Public education advocates have been pointing this out in state after state, arguing that vouchers are way more costly than any of the advocates promise.
It's a legitimate point, a solid reason for states to think twice before jumping on the voucher money wagon.
Unfortunately, I can easily imagine a future in which this same argument (and perhaps the critique that voucher programs yield unspectacular results) comes back from an entirely different source. Right now we're at this early voucher policy stage:
Let's give vouchers to everyone and make choice freely available far and wide!
But further down the road, once the voucher system is firmly entrenched and the traditional public school system has been largely gutted, we may find ourselves turning a corner, and suddenly a bunch of folks will be disturbed and alarmed by the high cost of a voucher program.
Boy, we are spending so much on school vouchers in this state (and not even getting great results). Surely we can cut the amount we're spending per pupil on this private school entitlement.
Maybe there will be special carve-outs for specific students, so that it's not so obvious that poorer families are being cut loose or driven into sub-prime private schools. But once the voucher system has captured a critical number of students and cut its public competition off at the knees, it could safely be squeezed.

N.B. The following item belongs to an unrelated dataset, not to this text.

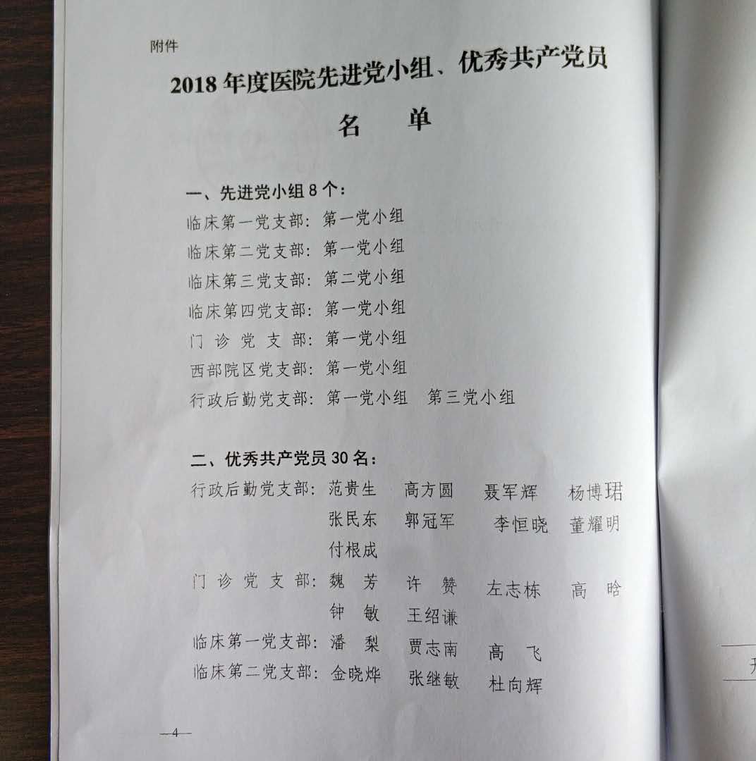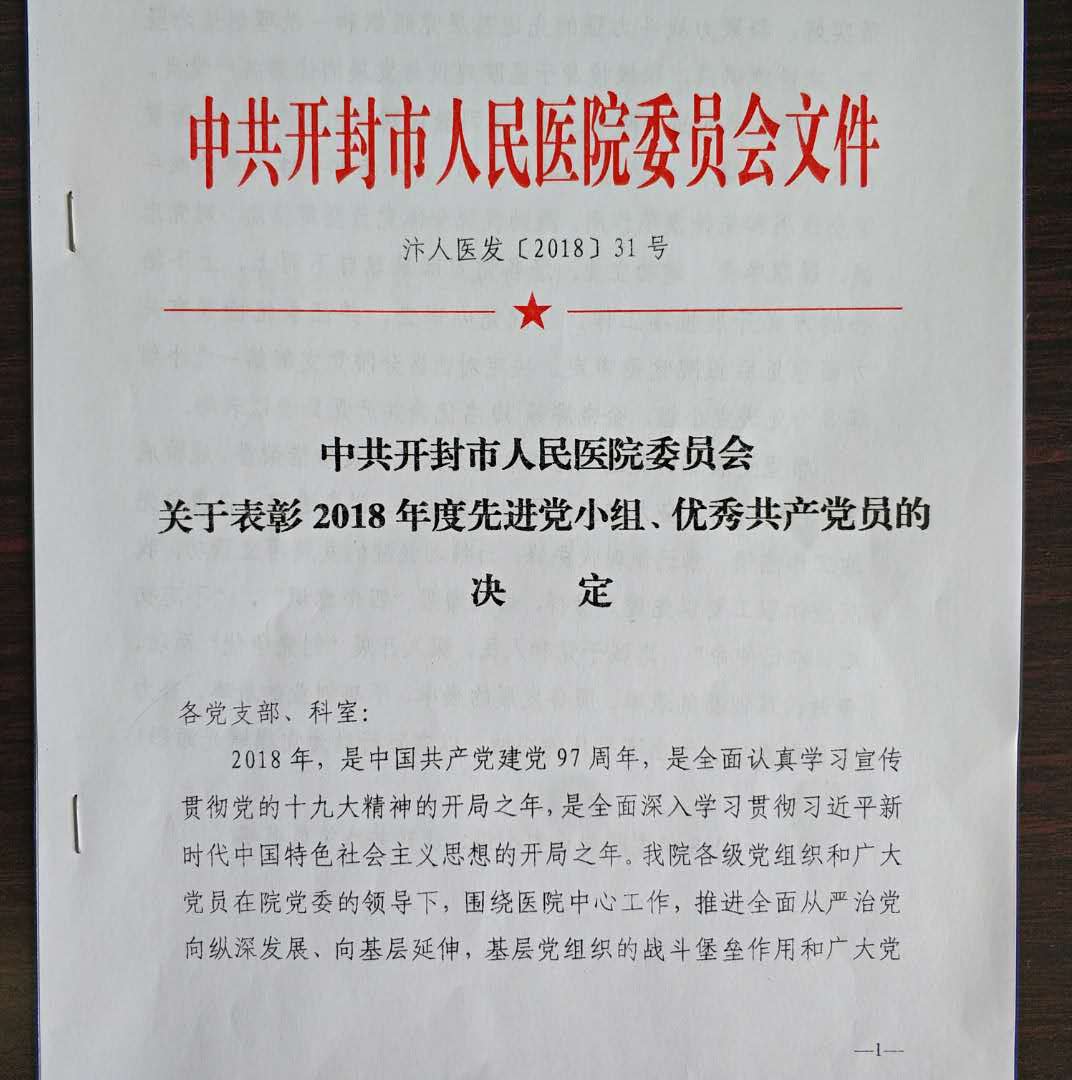 中共開(kāi)封市人民醫(yī)院委員會(huì)關(guān)于表彰2018年度先進(jìn)黨小組、優(yōu)秀共產(chǎn)黨員的決定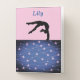 Add the name of your gymnast to the front! Also on the front is a gymnast silhouette doing a back handspring! Pink and blue colors with stars all over!

A portion of the education choice and reform crowd has always been folks who don't want to pay to educate Those Peoples' Children. For those folks, vouchers, including the ballooning costs and the lousy results, are another way to get to that world in which everyone has to pay their own way.
Vouchers get us to the place of considering education a privately-purchased commodity instead of a public good, a service provided to and for all citizens. Once we've established that it's a privately-purchased commodity, then vouchers are just one more bit of welfare, another entitlement to be cut so that the Poors aren't a drag on the folks with resources.
So for some folks, the huge cost of voucher programs is a feature, not a bug. It's just a feature that won't be activated until the time is right.